Aim of the exercise:
All pictures must be left out as you transcribe the lines from the first line of the data to the line containing "White thin sunscreen", both included.

Data shown:
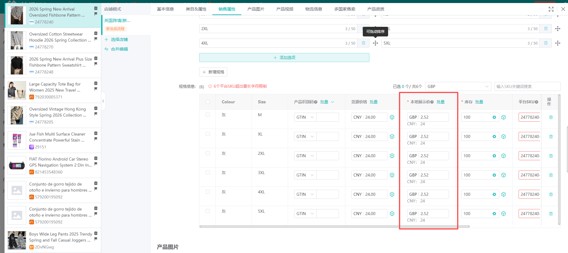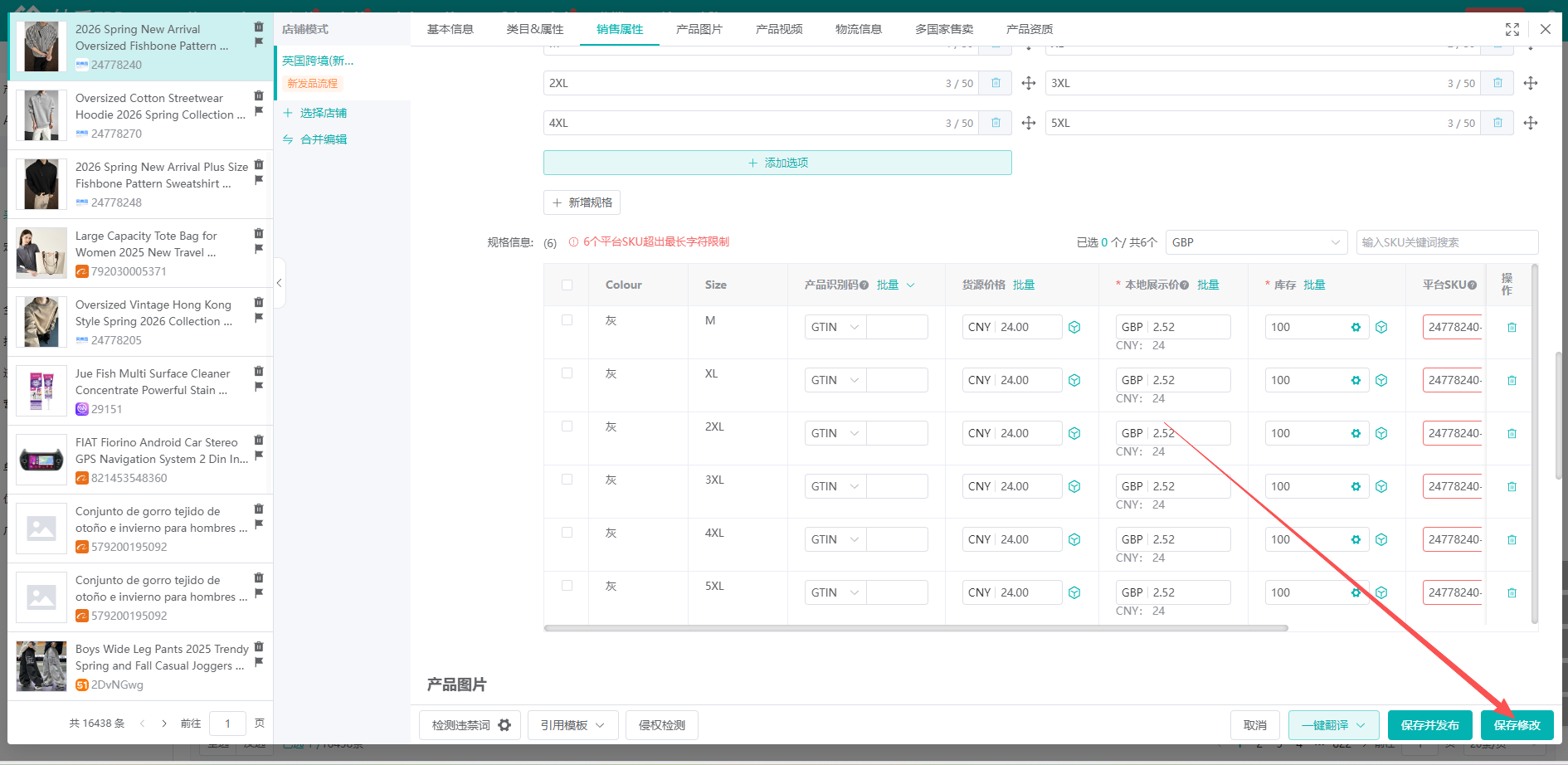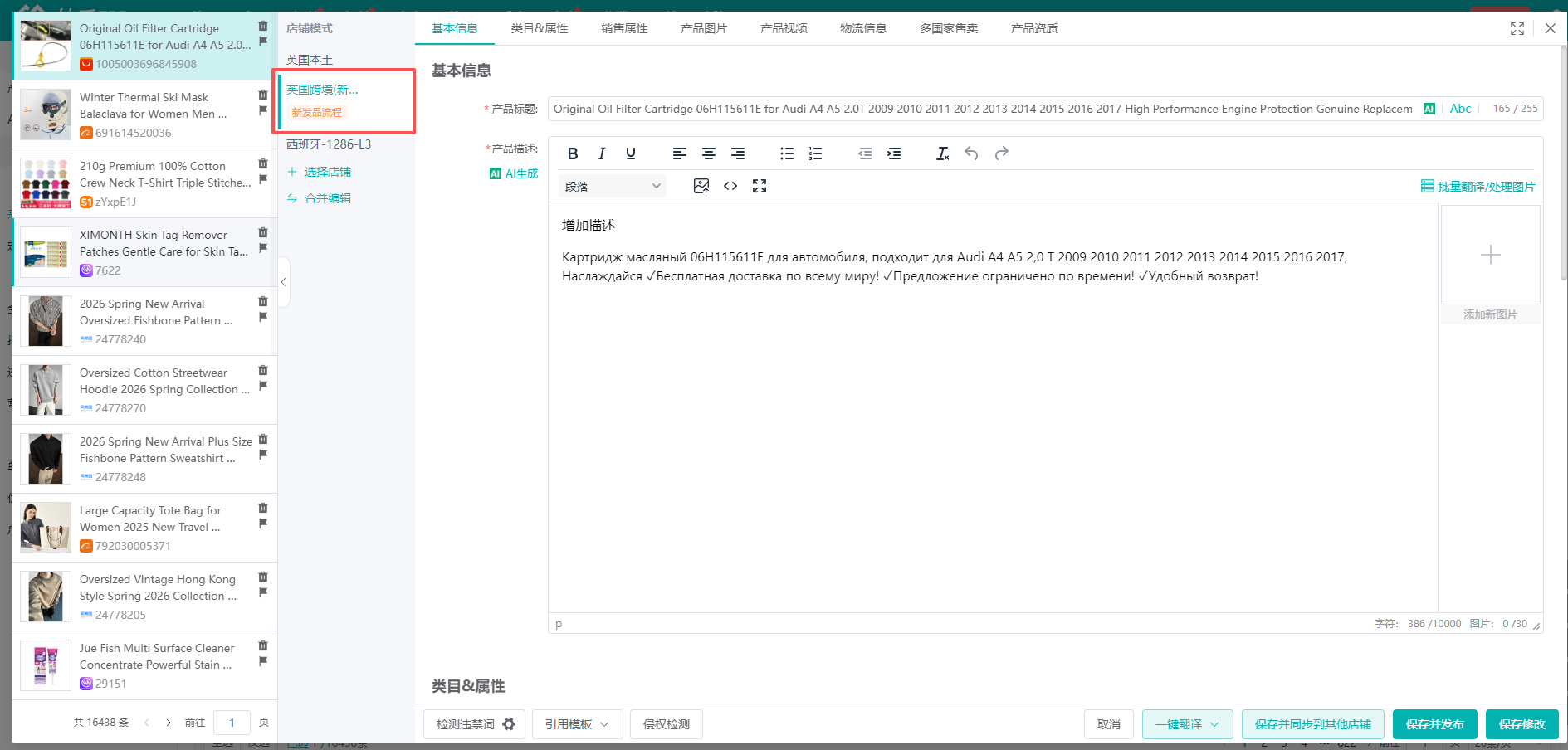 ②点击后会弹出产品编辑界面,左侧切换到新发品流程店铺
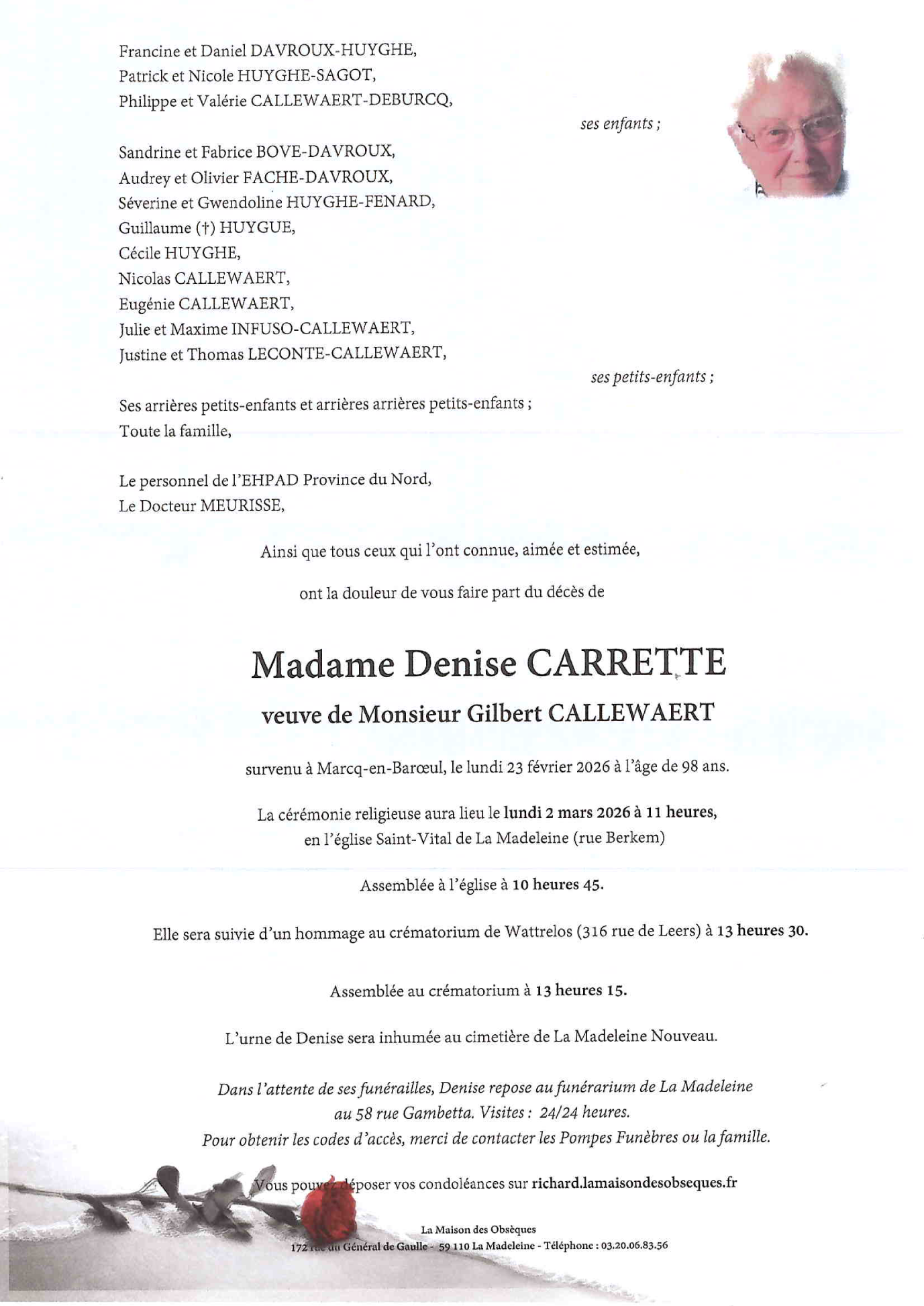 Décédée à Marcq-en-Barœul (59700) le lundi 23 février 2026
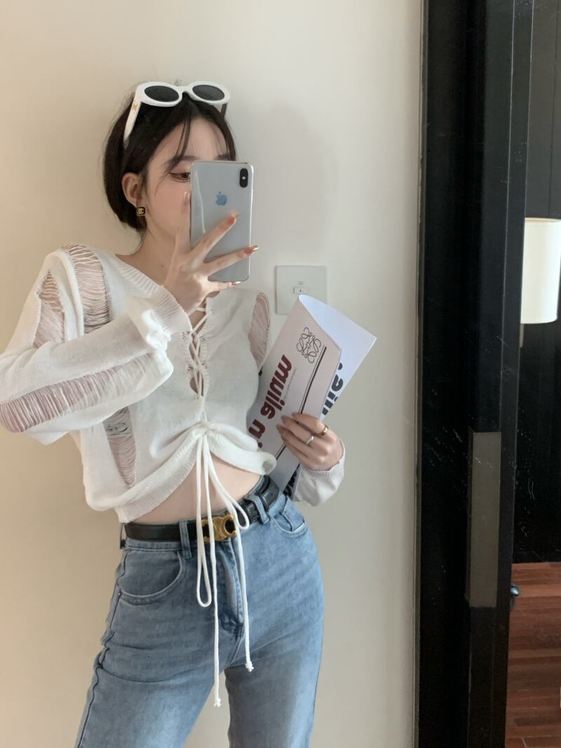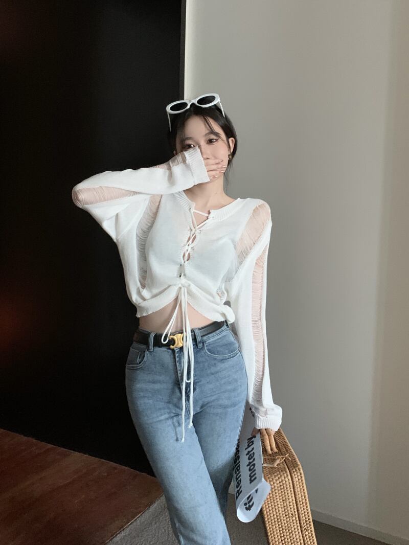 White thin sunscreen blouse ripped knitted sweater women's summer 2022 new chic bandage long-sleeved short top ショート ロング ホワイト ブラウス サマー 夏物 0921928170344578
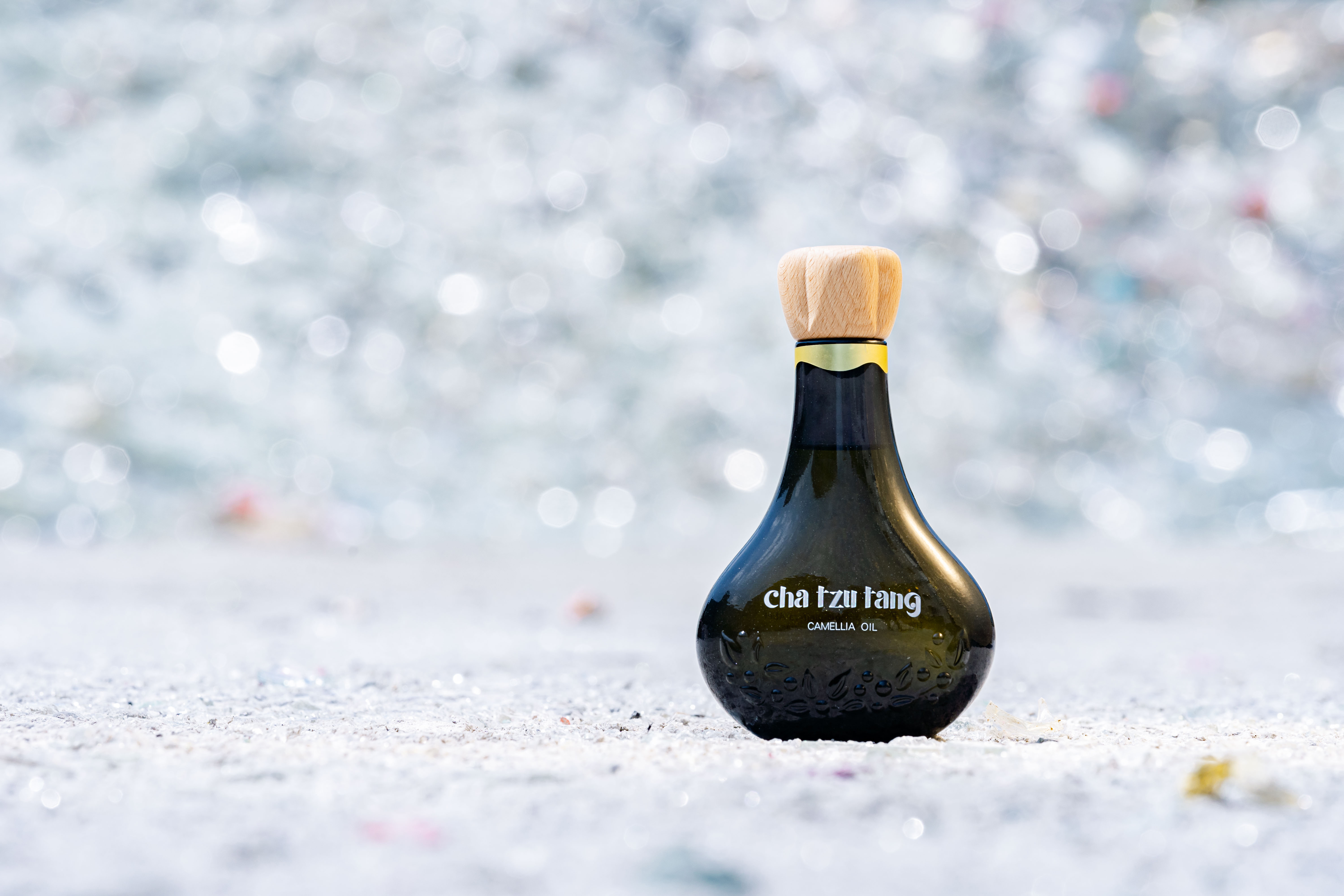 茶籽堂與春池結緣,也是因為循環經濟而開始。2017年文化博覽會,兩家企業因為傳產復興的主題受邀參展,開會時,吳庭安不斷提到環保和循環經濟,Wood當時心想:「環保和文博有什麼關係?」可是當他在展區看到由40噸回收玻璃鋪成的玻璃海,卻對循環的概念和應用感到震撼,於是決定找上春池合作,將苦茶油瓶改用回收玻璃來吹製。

Exercise response:
 ②点击后会弹出产品编辑界面,左侧切换到新发品流程店铺
 Décédée à Marcq-en-Barœul (59700) le lundi 23 février 2026
 White thin sunscreen blouse ripped knitted sweater women's summer 2022 new chic bandage long-sleeved short top ショート ロング ホワイト ブラウス サマー 夏物 0921928170344578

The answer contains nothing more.